Disseram que o Capitão Nascimento era fascista, mas eu acho que mereci quando ele me deu na cara e me chamou de maconheiro vagabundo. Eu lá deveria esperar respeito ou consideração de quem é obrigado a botar o seu na reta porque não mexo o meu nem para defender um simples luxo? Lembro-me que, quando trabalhava no “Globo”, volta e meia a gente tentava emplacar uma matéria sobre a descriminalização das drogas, mas raramente encontrava alguém disposto a se comprometer - papai não quer artista maconheiro no baile de debutante da filhinha.
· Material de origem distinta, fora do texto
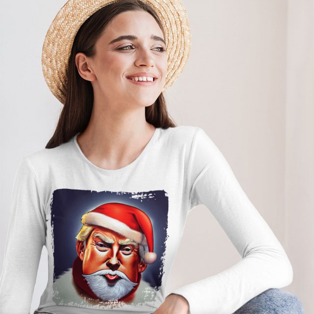 Santa Claus Long Sleeve T-Shirt – Donald Trump T-Shirt – Art Print Long Sleeve Tee Shirt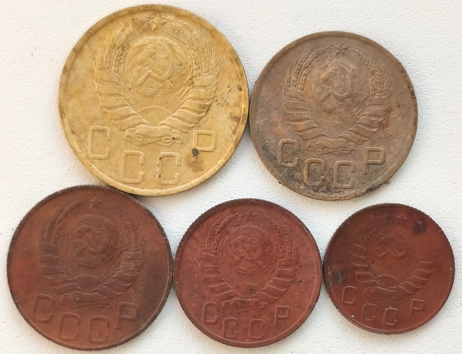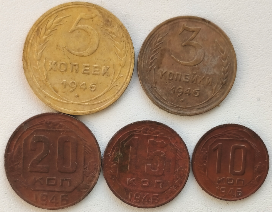 Описание лота  3,5,10,15,20 копеек 1946г

A galera quer mais é ver “Cidade de Deus”; curtir o seu faroestezinho e posar de cidadão consciente sem que nenhum subalterno cometa a indelicadeza de lhe apontar o dedo e dizer “a culpa também é sua”. Alguém já se tocou que o Capitão Nascimento é vilão no asfalto e herói no morro?
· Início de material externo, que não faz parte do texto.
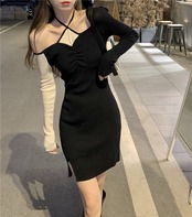 フランスのレトロな純粋な欲望スタイルのセクシーなスカートのスリムなフィット感と肩から離れた薄い気質の小さな男カラーマッチングニットドレス女性 ピュア yingd82913296322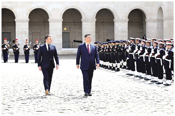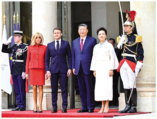五月的巴黎,风和景明。塞纳河畔,荣军院金色穹顶熠熠生辉,五星红旗和蓝白红三色旗迎风飘扬。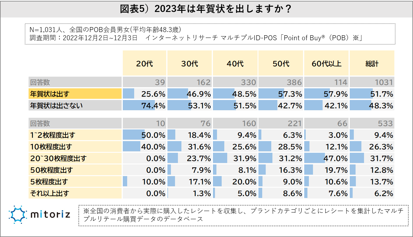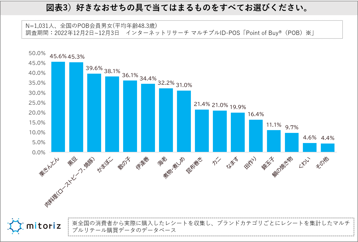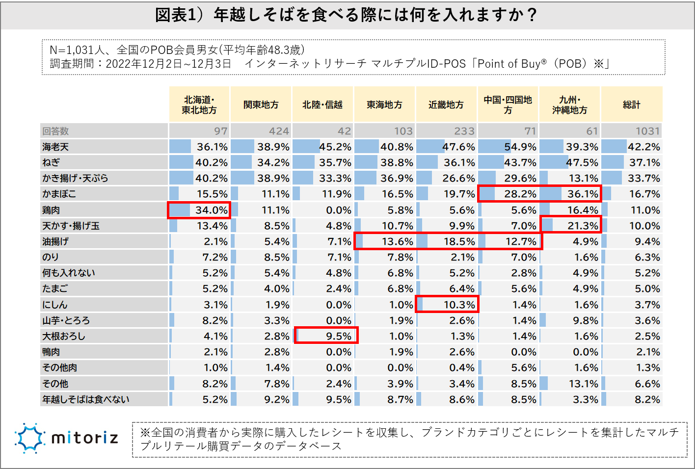 株式会社mitoriz(本社:東京都港区、代表取締役社長:木名瀬博)は、消費者購買行動レポートデータサービス「Point of Buy®(以下、POB)」の会員1000名に「年末年始の過ごし方」に関するアンケートを実施しました。年末年始に食べる定番の「年越しそば」や「おせち」について、お正月の風物詩「年賀状」に関する調査を行ったところ、「年越しそば」や「おせち」の意外な人気具材の存在、若者の年賀状離れを実感させる結果となりました。

Nascimento devia estar se sentindo tão traído quanto o Dunga, por ser criticado por fazer justamente o que se esperava dele. Costa-Gavras deu a dica ao conceder o Urso de Ouro do Festival de Berlim ao primeiro filme e o diretor José Padilha fez de “Tropa de elite 2: o inimigo agora é outro” um thriller político. É o gênero ideal para a prática do cinema-denúncia e o mais palatável para o homem de bem esclarecido que bate no peito pra dizer que paga os seus impostos - o que seria até um grande feito, não fossem os mesmos descontados na fonte ou viessem embutidos no preço. Agora tenente-coronel, Nascimento vai depor na Alerj e diz em público o que falamos numa roda de amigos: que a PM do Rio de Janeiro tem que acabar, que 99% dos políticos da casa deveria estar na cadeia e que “neste estado, o chefe de polícia é corrupto, o governador é corrupto!”. Satisfaz os anseios da classe média elegendo “o sistema” como o o tal “outro inimigo” do subtítulo. E, desta vez, lhe oferece uma dose de catarse também, quando dá um sacode federal num político corrupto - no primeiro filme, só rolava pros menos favorecidos. Será que vão chamá-lo de fascista por causa disso?
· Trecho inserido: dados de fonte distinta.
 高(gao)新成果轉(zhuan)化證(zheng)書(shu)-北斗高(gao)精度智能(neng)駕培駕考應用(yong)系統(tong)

“Tropa de elite 2” é didático como permite o gênero: a grande imprensa é conivente, não basta acabar com o tráfico para dar fim à violência e à criminalidade e não há crime organizado numa sociedade desorganizada - faltou falar da iniciativa privada, mas desconfio que isso ficou para o III. Entre os personagens, há dois nitidamente inspirados nos deputados estaduais mais votados nas últimas eleições, Marcelo Freixo (um cidadão que resolveu se mexer e está pagando caro por isso) e Wagner Montes (embora o próprio Freixo garanta que o “Chicote do Povo” vota com a galera do bem na Alerj), e o governador Gelino poderia ser Anthony Garotinho (até por causa da época em que se passam determinados fatos e porque o seu secretário de Segurança Pública se assemelha bastante ao Álvaro Lins), mas lembra muito também o recém-reeleito Sérgio Cabral - embora este jure de pés juntos que não tem nenhuma ligação com as milícias. É um filme que só poderia ter sido feito por dois playboyzinhos da Zona Sul (Padilha e o produtor Marcos Prado, nenhum demérito nisso, pelo contrário), gente com costas quentes.

Não se trata de defender os métodos: o Capitão Nascimento pode não ser o herói ideal, mas é o herói de ficção possível para o Brasil de hoje - não à toa, já povoa o imaginário popular. Um herói carregado de contradições num mundo no qual as contradições são apenas aparentes, onde o que vale é a luta pela sobrevivência e o pragmatismo - como bem demonstra o coronel Fábio, ex-01. O herói de uma sociedade para lá de injusta, onde o cidadão consciente acha que fazer a sua parte é apenas respeitar o sinal vermelho. Como se diz por aí, um produto do meio.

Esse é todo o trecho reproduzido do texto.